Nancy Nawn, CFP, CIMA

Managing Partner and Financial Planner at WatchDog Planning

Question:

How much should I expect to pay for Medicare in retirement?

Answer:

Everyone on Medicare pays the Part B medical insurance premium of $174.70 per month in 2024. Additional premium costs depend largely on whether a retiree signs up for Medicare Advantage or Original Medicare. Medicare Advantage, also known as Part C, offers HMO and PPO plans that cover hospital, medical, and prescription care. Premiums can be as low as $0 per month, which is cost-effective for many retirees, but co-pays can get expensive, and access to healthcare is limited by geography and providers in the plan. Original Medicare allows recipients to purchase separate supplemental (MediGap) plans (as well as prescription plans), that cover any sharing costs assigned to the patient. Policies can run $200 to $400 per month and are accepted by most healthcare providers, giving retirees wider access to care nationwide.
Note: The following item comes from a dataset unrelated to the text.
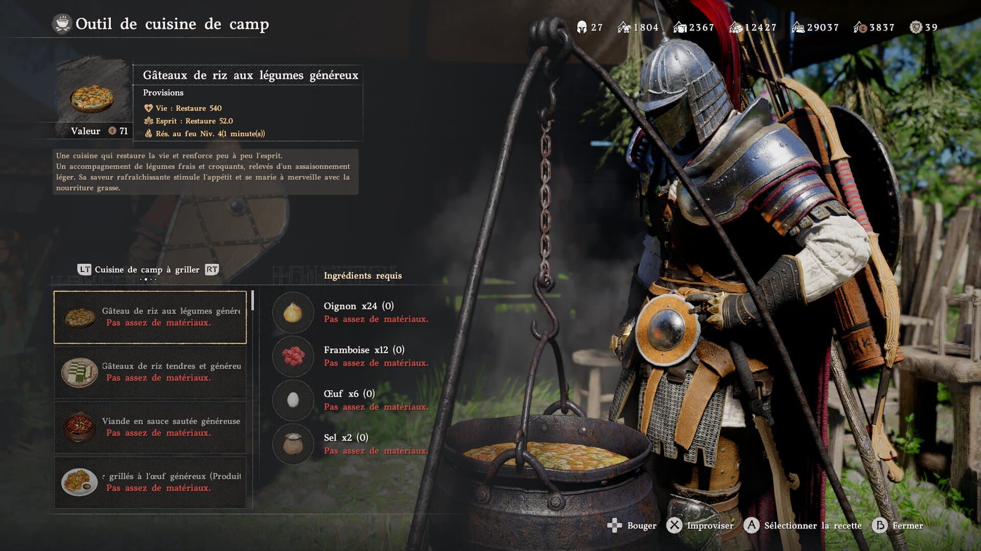 Mais au début de l’aventure, des recettes, vous en manquez. Et ce n’est pas si grave, car il vaut mieux prioriser la simplicité plutôt que de chercher absolument à élaborer des plats qui nécessitent plein d’ingrédients. Certes, ces derniers remontent davantage vos PV, mais en début de partie, votre barre maximale de santé est de toute façon assez basse. Contentez-vous plutôt de simplement faire griller des viandes (du bœuf ou du poulet), sans autre artifice derrière. Vous obtiendrez un plat tout simple, qui vous redonne un peu de santé et que vous pouvez multiplier très facilement sans perdre trop d’argent.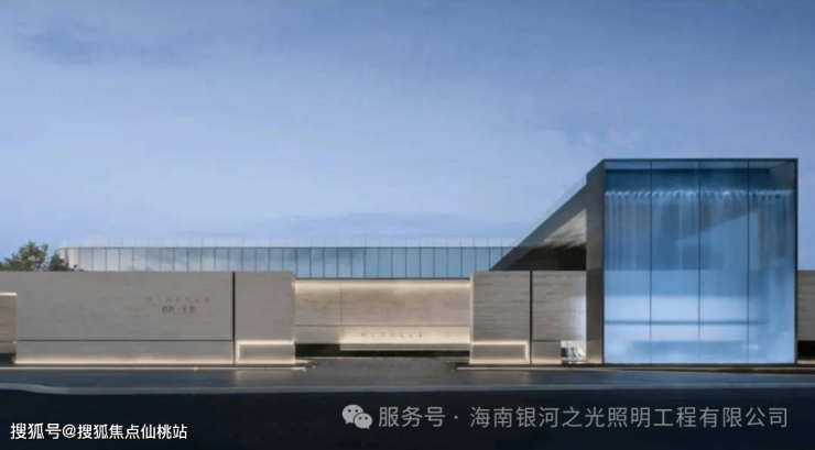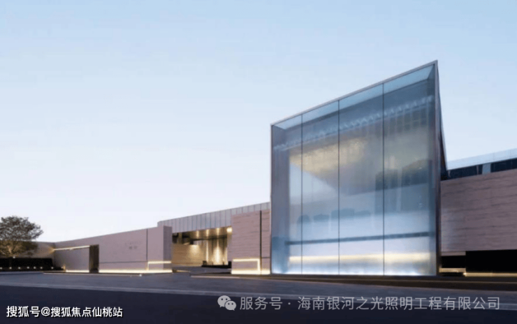 展示区由浅白色石材搭配蓝色玻璃幕墙,形成对比,增强视觉效果。设计风格简洁现代,无过多装饰,通过体块的凹凸、叠级、穿插为形体手法,形成佛山保利天瓒的特有细部纹样,使得整个项目在视觉上呈现出一种独特的文化交融之美。

I always plan for my clients to pay for Original Medicare with MediGap/Prescription policies if financially feasible. This structure offers access to the best medical care wherever it is needed without co-pays. All Medicare enrollees are eligible for Original Medicare during initial sign-up and can switch to Medicare Advantage at any time. But beware, switching back to Original Medicare requires underwriting, and most retirees will have some pre-existing condition, such as high cholesterol, that will disqualify them from obtaining a new MediGap policy.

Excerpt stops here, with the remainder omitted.